A stack of candied orange slices on a white plate

Candied Orange Slices

I’ve made candied lemon peel before and used them to top my vanilla cupcakes with lemon cream cheese frosting.

I enjoyed them so much that I thought I do the same but with orange instead. I used them to garnish an orange pound cake and these chocolate orange brownies and it was a smashing hit.

The process is simple but it does take a while. First, you boil the slices. Then, you simmer them in sugar water that will turn to syrup. It takes close to one hour for the water to reduce and become syrupy.

The longest part is waiting for the slices to dry. It took close to 24 hours for my slices to dry completely.

Once the slices dry, the sticky slices are dipped in sugar and ready for use. You can enjoy the candied orange slices dipped in chocolate or use them to decorate your favorite dessert.

Why this recipe works

  • This recipe calls for boiling the oranges for 2 minutes before you candy them. This helps eliminate the bitterness found in the white part of the peel.
  • A dip in an ice bath stops the orange slices from cooking and becoming too soft.
  • After the slices simmer in a sugar syrup, they need to dry for about 24 hours. This will leave you with perfectly chewy candied orange slices.
side view of candied orange slices arranged on a plate

Getting the perfect Orange Slice

It’s important not to slice the oranges too thick or too thin. The thicker they are the longer it will take for them to dry.

But on the other hand, the thinner they are the less likely they are to hold their shape.

I sliced a few that were on the thin side and most of the orange flesh completely disappeared during the candying process. Aim for about 3mm thick. And use a mandolin to make it easier.

Use any type of orange for this recipe! I used tangelos but there are numerous varieties to choose from.

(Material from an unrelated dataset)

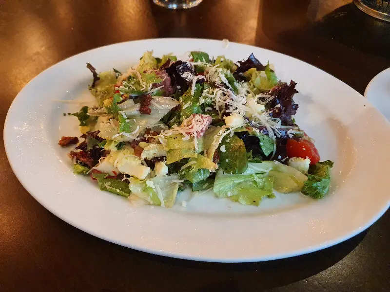 샐러드는 신선한 채소들의 아삭한 식감과 상큼한 드레싱이 완벽한 조화를 이루었습니다. 샐러드 위에 뿌려진 치즈는 풍미를 더하며 입맛을 돋우는 역할을 했습니다.

My only recommendation is to choose a variety that is small in size.

sliced oranges on a white cutting board with a mandolin

Ingredients for orange slice candy

Candied oranges require only three ingredients! Oranges, water, and sugar.

You can use any variety of orange that’s in season. Different varieties will be in season during different times of the year. See the list below…

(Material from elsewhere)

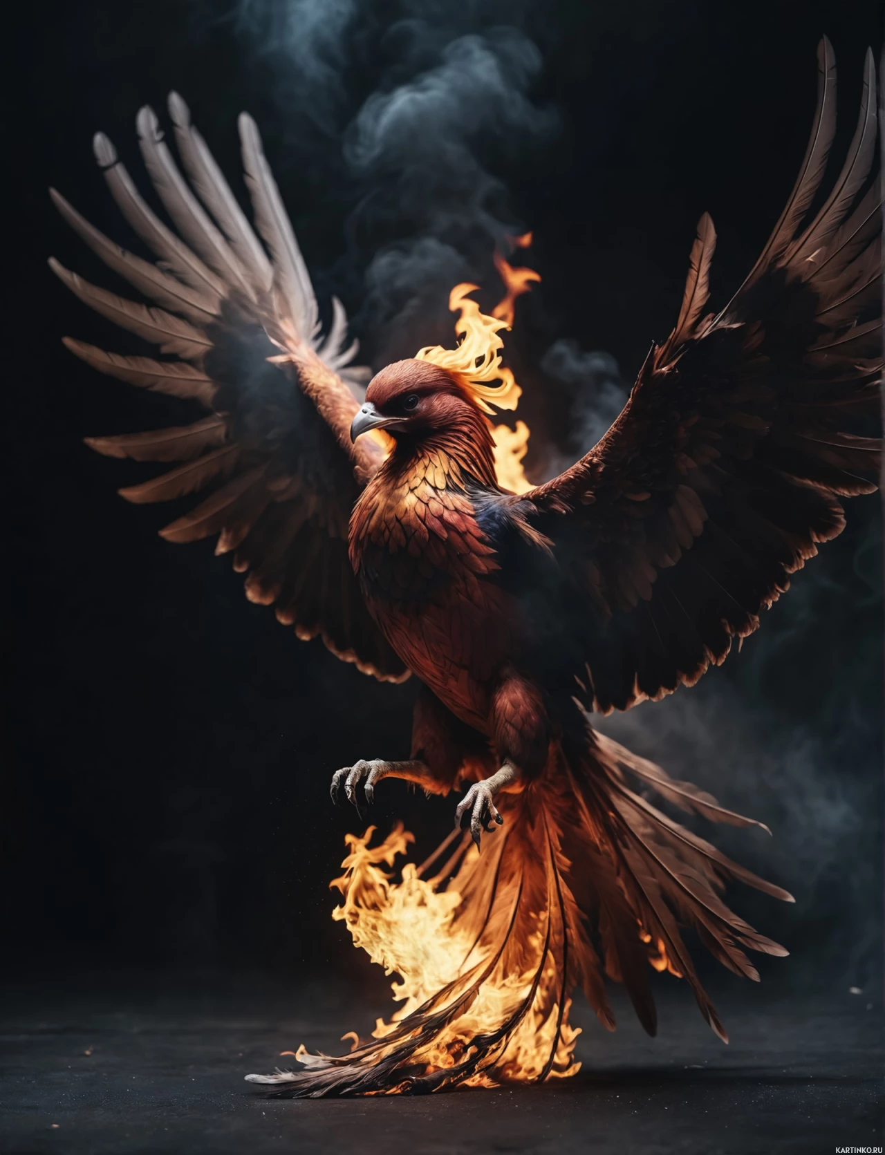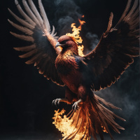 fantasy contexts. The bird appears to be on fire, symbolizing a spirit that cannot be extinguished by the challenges it faces.

  • Navel Oranges: November – May
  • Tangerines: November – May
  • Mandarin Oranges: December – January
  • Honeybells: January – February
  • Temples: February – March
  • Cara Cara Oranges: March – March
  • Tangelos: April – April
  • Valencia Oranges: June – June

No matter the time of year, there are oranges in season.

overhead of candied orange slices arranged on a white plate

How to make candied orange slices

Making orange slices candy is extremely easy but a bit time-consuming. However, the end product is completely worth the time it takes.

Boil the slices

Start by boiling the orange slices for 2 minutes. This helps eliminate any bitterness found in the white part of the peel.

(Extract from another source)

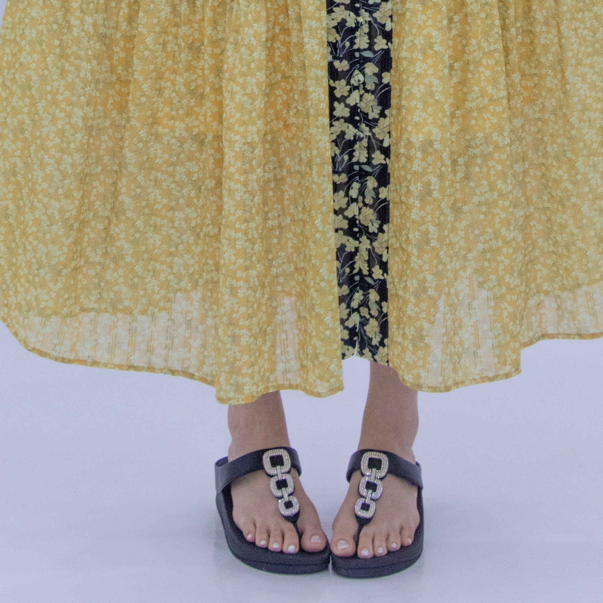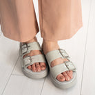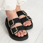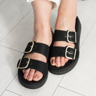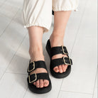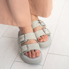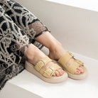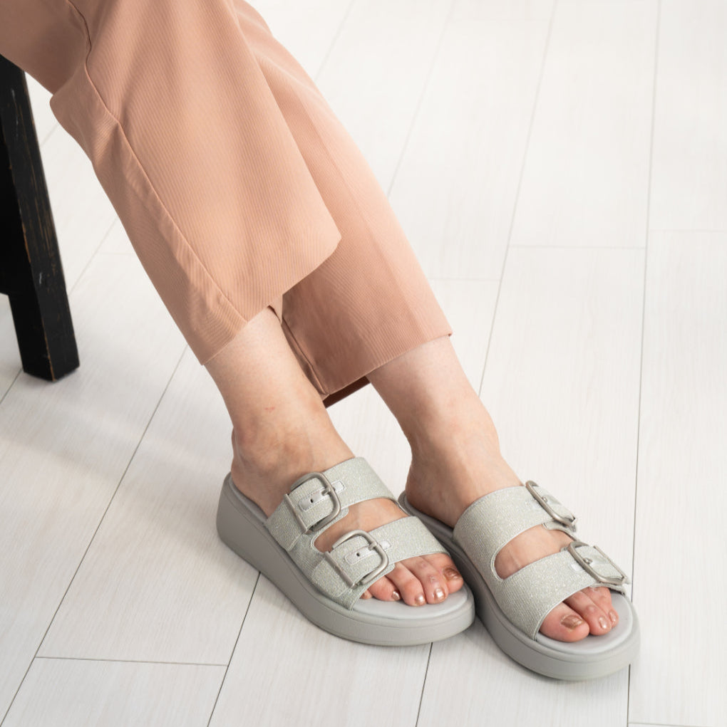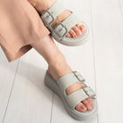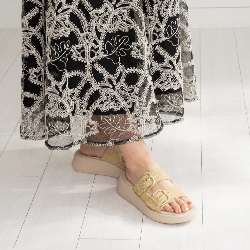 存在感のあるバックルデザインが目を引く、モダンな厚底サンダル

Immediately transfer the boiled slices to an ice bath to stop them from cooking any further and discard the water.

process shots for how to make candied oranges

Candy the orange slices

Bring equal parts sugar and water to a boil. I used four cups of each in a large pot. This gave me enough liquid to candy 4 small oranges.

Once the sugar water is boiling, reduce the heat to medium-low. Add the chilled orange slices and let them simmer for one hour. Gently stir the slices every 15 minutes to make sure they are all getting coated evenly in the syrup.

After an hour, the slices should start to appear translucent around the rinds. They won’t be completely translucent, but you’ll notice they are lighter.

At this point, remove the orange slices from the sugar water and place them in an even layer on a wire cooling rack. Make sure the rack is set over a baking pan to catch any drippings.

Let the slices sit for up to 24 hours until they are completely dry. You can coat them in sugar, dip them in chocolate, or use them as they are.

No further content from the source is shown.